Agricultural Revolution: The shift from hunter-gatherer to agrarian societies occurring 10,000 to 12,000 YBP. The Agricultural Revolution is a key component of the Neolithic Revolution.

aluminosilicate: Class of clay minerals found in soils which are primarily comprised of silicon, aluminum and oxygen that are assembled into sheets of silica tetrahedral and aluminum octahedral.

cation exchange capacity: Operationally defined measurement of a soil's ability to exchange positive ions between the soil particles (e.g., clay, organic matter) and solution surrounding these particles.

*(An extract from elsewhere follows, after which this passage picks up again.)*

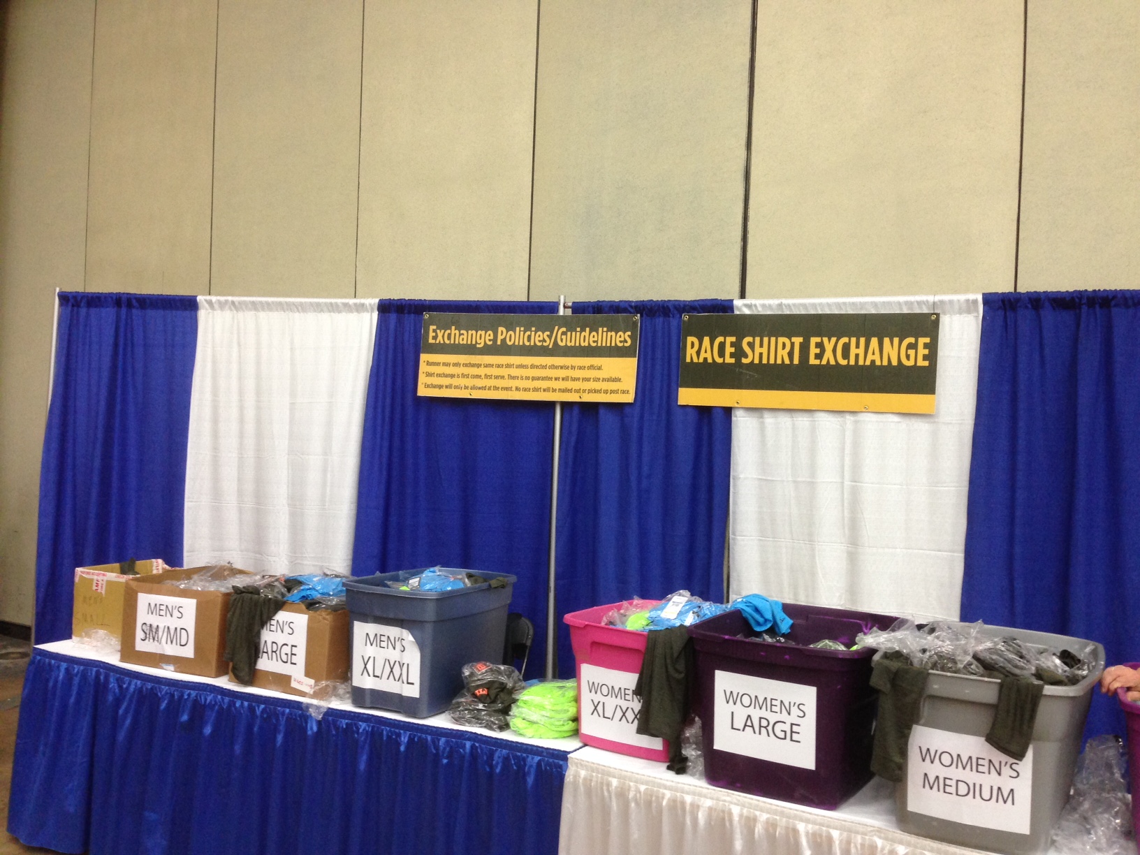 Once we got our bibs we headed into the expo to get our race shirts. Baltimore is the home city of Under Armor who also provided the official race apparel. I only have one piece of Under Armor gear (a compression under shirt that I wear on cold days to run) so wasn’t too familiar with their stuff although I knew the brand. I have to say that the race shirt was really nice. They didn’t skimp on the quality of any of the race apparel. When I signed up I had requested a men’s large shirt. When I tried this in it looked a little loose and baggy and I was wondering if they would let me exchange. One of the volunteers pointed me to an official exchange station. I thought this was quite a clever idea. I got to go over and try on the other sizes and exchange my shirt for a medium means still sealed in the bag. Nice.

chemical weathering: Process by which rocks, soil, and minerals are dissolved or broken down via a range of chemical processes including carbonation, hydrolysis, hydration, and redox reactions.

colloidal: Referring to very small (approximately 1 nm to 1 µm) inorganic or organic particles which tend to remain suspended in solution. These particles are ubiquitous in soil and, due to their high surface area, are highly reactive.

conservation agriculture: An approach to farming which minimizes degradation and/or loss of natural resources while providing sufficient crop yield and economic benefit.

deforestation: The cutting and clearing of forests and other vegetation.

desertification: Conversion and degradation of land which previously supported to plant growth, in arid or semi-arid regions, to desert land. This often occurs as a result of drought, deforestation, or other human induced land use changes.

erosion: The removal of soil from the land's surface by water, wind, ice, or gravity.

essential element (plant): Chemical elements required by plants for normal growth and reproduction.

lime: Solid material which contains carbonates, oxides, and/or hydroxides of calcium which is applied to agricultural fields to increase the soil pH (alkalinity).

mollisol: Soil order in USDA soil taxonomy, characterized by a thick organic matter enriched surface horizon, typically between 60–80 cm thick, which are commonly formed under grassland vegetation.

parent material: The geologic and organic material from which soil is formed through a variety pedogenic processes.

ped: Single unit of soil which is aggregated into granular, platy, blocky, prismatic, or columnar structure.

pH (soil): The negative log of the hydrogen ion concentration in a soil solution which gives a measure of a soils acidity or basicity.

physical weathering: Process by which rocks, soil, and minerals a broken down into smaller particles through physical processes such as heat, water, ice, and pressure.

soil organic matter: The organic components of soil which are comprised of living microbial biomass, fresh and partially decomposed biomass (plant and animal), and the well decomposed and stable biomass fraction (humus).

soil structure: The aggregation, or secondary shape, of soil particles which adhere together into structural units (peds).